#### Try it:
Leave out the pictures, and reproduce exactly the lines from the line containing "Informations Techniques : Dimensions" through the final line of the entries.

#####

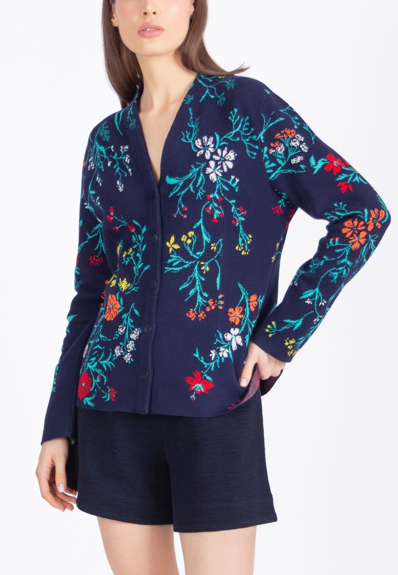 Femme portant un cardigan bleu marine boutonné avec une broderie florale multicolore et un short foncé, posant avec une main sur la hanche.
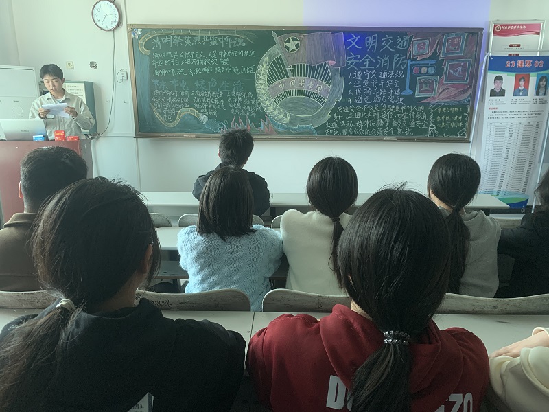 团课上,各班开展清明节主题活动,诵读英烈诗词、讲解清明节的由来、演讲英雄小故事、奏唱壮烈歌曲。引导广大团员青年对革命精神的时代价值展开思考。用先烈的英雄事迹感召同学们尊崇英雄、敬畏历史、勇于躬身奉献,同学们深受鼓舞,决心在今后的学习生活中,以更加严格的标准要求自己,脚踏实地、勇往直前,传承红色基因,担当时代责任。团课上,各班还针对清明假期对交通安全、节水节电以及清明小长假假期安全等工作进行了布置。
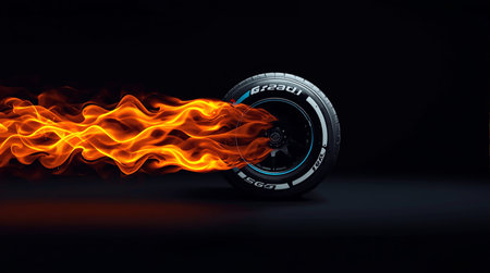 A close-up view of a racing tire emitting sparks during a high-speed motorsport event. The dynamic atmosphere showcases the energy and excitement of competitive racing.
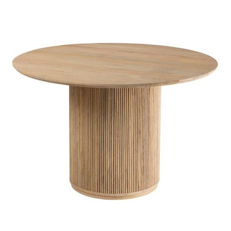Informations Techniques : Dimensions : Plateau : D. 120 x H. 3 cm Pied : D. 64 x H. 74 cm Matière : Bois de manguier Spécificités : Design & Pratique Table de repas Forme ronde A monter soi-même Poids : 47,5 kg Couleur : Naturel
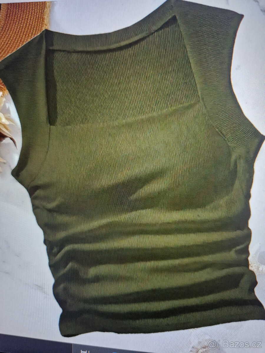 Prodám nový topík zajímavého střihu,čtvercový výstřih,khaki barva,materiál polyeter.Poštovné 30,-Kč
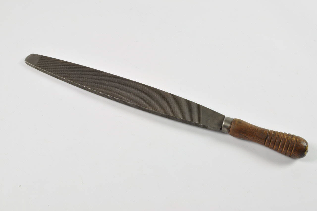 Court manche en bois tourné, gravé de sept rainures, dans lequel est fichée une lame longue, en amande, maintenue par un emmanchement à soie et une virole. Une face de la lame présente des petites dents demi-circulaires, l'autre des stries en diagonale. Un cheval est gravé dans un écusson dans le bas de la lame.Matériaux et techniques

#####

#### Exercise solution:
Informations Techniques : Dimensions : Plateau : D. 120 x H. 3 cm Pied : D. 64 x H. 74 cm Matière : Bois de manguier Spécificités : Design & Pratique Table de repas Forme ronde A monter soi-même Poids : 47,5 kg Couleur : Naturel
 Prodám nový topík zajímavého střihu,čtvercový výstřih,khaki barva,materiál polyeter.Poštovné 30,-Kč
 Court manche en bois tourné, gravé de sept rainures, dans lequel est fichée une lame longue, en amande, maintenue par un emmanchement à soie et une virole. Une face de la lame présente des petites dents demi-circulaires, l'autre des stries en diagonale. Un cheval est gravé dans un écusson dans le bas de la lame.Matériaux et techniques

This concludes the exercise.